December 21, 2020 - FDA recently issued an emergency use authorization (EUA) for Abbott’s COVID-19 antigen test, the BinaxNOW COVID-19 Ag Card Home Test, for use by patients with a prescription. 

The test is authorized for individuals 15 years of age or older who are suspected of COVID-19 by their healthcare provider and who are within the first seven days of symptom onset. The test can also be  use with adult-collected nasal swab samples from individuals four years of age and older who are suspected of infection, FDA stated.

“FDA continues to authorize COVID-19 tests that will give more Americans access to greater testing flexibility and options,” FDA Commissioner Stephen M. Hahn, MD, said in the announcement. “The BinaxNOW COVID-19 Ag Home Test will have a significant manufacturing footprint with the potential to support testing for millions of people.” 

The BinaxNOW COVID-19 Ag Card Home Test will be offered in partnership with a telehealth service that will help users successfully collect nasal swabs step-by-step and analyze the results.

Additionally, the provider will report all test results to necessary public health authorities following local, state, and federal requirements. 

Although antigen tests are specifically for COVID-19, they are not as sensitive as molecular PCR tests. This means that there is a higher chance of false negatives than with many molecular tests, FDA stated. 

Those individuals who receive positive results should self-isolate and seek additional care from their personal healthcare provider, the agency advised. But negative results do not prevent an individual from SARS-CoV-2 infection.

Anyone who tests negative on the BinaxNOW COVID-19 Ag Card Home Test may need to seek additional testing, particularly those who continue to experience coronavirus symptoms. 

“With today’s authorization of the BinaxNOW COVID-19 Ag Card Home Test, there are now three tests that can be used completely at home,” said Jeff Shuren, MD, JD, director of FDA’s Center for Devices and Radiological Health. 

“We will continue to work with test developers to support the availability of more innovative testing options,” Shuren continued. 

Abbott’s BinaxNOW COVID-19 Ag Card, which is a different product than this authorized home use test, is authorized for use at the point-of-care under an EUA that was issued back in September.

Abbot’s BinaxNOW Ag Card is fast and efficient for healthcare providers and patients, taking just 15 minutes to provide results.
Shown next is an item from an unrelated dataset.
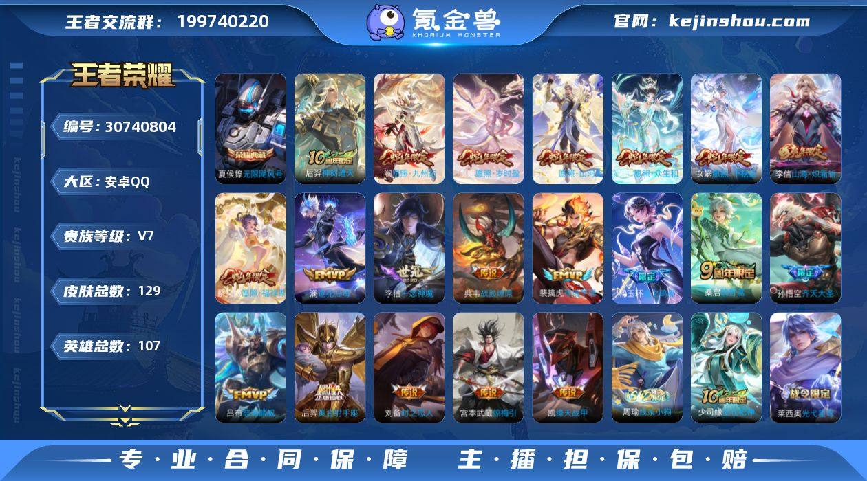 账号亮点:李信全皮 夏侯惇无限飓风号 后羿神树通天,杨玉环星之鸣奏,司空震愿照山河定,女娲愿照千秋盛,妲己愿照众生和,澜愿照九州拓,蔡文姬愿照福禄聚,虞姬愿照岁时盈,裴擒虎祥瑞亨通,桑启鸣野蒿,典韦战鼓燎原,澜逐花归海,宫本武藏惊梅引,孙悟空齐天大圣,李信山海炽霜斩,吕布怒海麟威,铠绛天战甲,李信一念神魔,刘备时之恋人,后羿黄金射手座366-5 【英雄全皮】:刘禅全皮,孙权全皮,李信全皮 【荣耀典藏】:夏侯惇无限飓风号 【传说皮肤】:后羿神树通天,杨玉环星之鸣奏,司空震愿照山河定,女娲愿照千秋盛,妲己愿照众生和,澜愿照九州拓,蔡文姬愿照福禄聚,虞姬愿照岁时盈,裴擒虎祥瑞亨通,桑启鸣野蒿,典韦战鼓燎原,澜逐花归海,宫本武藏惊梅引,孙悟空齐天大圣,李信山海炽霜斩,吕布怒海麟威,铠绛天战甲,李信一念神魔,刘备时之恋人,后羿黄金射手座 【限定皮肤】:狄仁杰阴阳师,赵云皇家上将,赵云引擎之心,马可波罗山海玄木吟,狄仁杰魔术师,项羽海滩派对,关羽百相守梦,韩信傲雪梅枪,孙悟空齐天大圣,裴擒虎李小龙,李信山海炽霜斩,盾山梦圆繁星,沈梦溪龙舞盛年,关羽决胜骁骑 【年限皮肤】:马可波罗山海玄木吟,李信山海炽霜斩 【史诗皮肤】:赵云皇家上将,赵云未来纪元,狄仁杰魔术师,宫本武藏鬼剑武藏,孙尚香水果甜心,妲己魅力维加斯,墨子金属风暴,吕布圣诞狂欢,刘禅绅士熊喵,曹操幽灵船长,吕布末日机甲,赵云引擎之心,夏侯惇乘风破浪,兰陵王暗隐猎兽者,亚瑟心灵战警,雅典娜冰冠公主,安琪拉心灵骇客,刘禅天才门将,程咬金功夫厨神,孙策猫狗日记,大乔猫狗日记,狄仁杰鹰眼统帅,裴擒虎李小龙,杨戬天秀启明,韩信傲雪梅枪,盾山梦圆繁星,马可波罗山海玄木吟,关羽百相守梦,刘禅电玩爆裂旋风,关羽决胜骁骑,廉颇撼地雄心,亚连破空之剑,百里守约...

The test does not need the use of an analyzer and is authorized for use at point-of-care settings, including doctor’s offices, emergency rooms, and some schools.

In previous data submitted to FDA, BinaxNOW COVID-19 Ag Card showed sensitivity of 97.1 percent (positive percent agreement) and specificity of 98.5 percent (negative percent agreement) in patients suspected of COVID-19 by their healthcare provider within the first seven days of symptoms

So far, Abbott has invested hundreds of millions of dollars since April in two new US facilities to manufacture BinaxNOW at a larger scale. 

And currently, the company is producing tens of millions of tests per month, as well as a mobile app for iPhone and Android devices so that individuals can display their test results when entering facilities that require proof of testing.

Following FDA’s authorization, HHS Secretary Alex Azar issued the following statement:

“FDA’s authorization of the BinaxNOW card test for home use means we should have tens of millions of COVID-19 tests in the coming months that Americans can use without leaving their home,” Azar said.

“HHS’s testing leadership have worked closely with companies like Abbott for months to accelerate the availability of these exciting new options, part of our commitment to bringing the best of the public and private sectors together to beat COVID-19,” he concluded.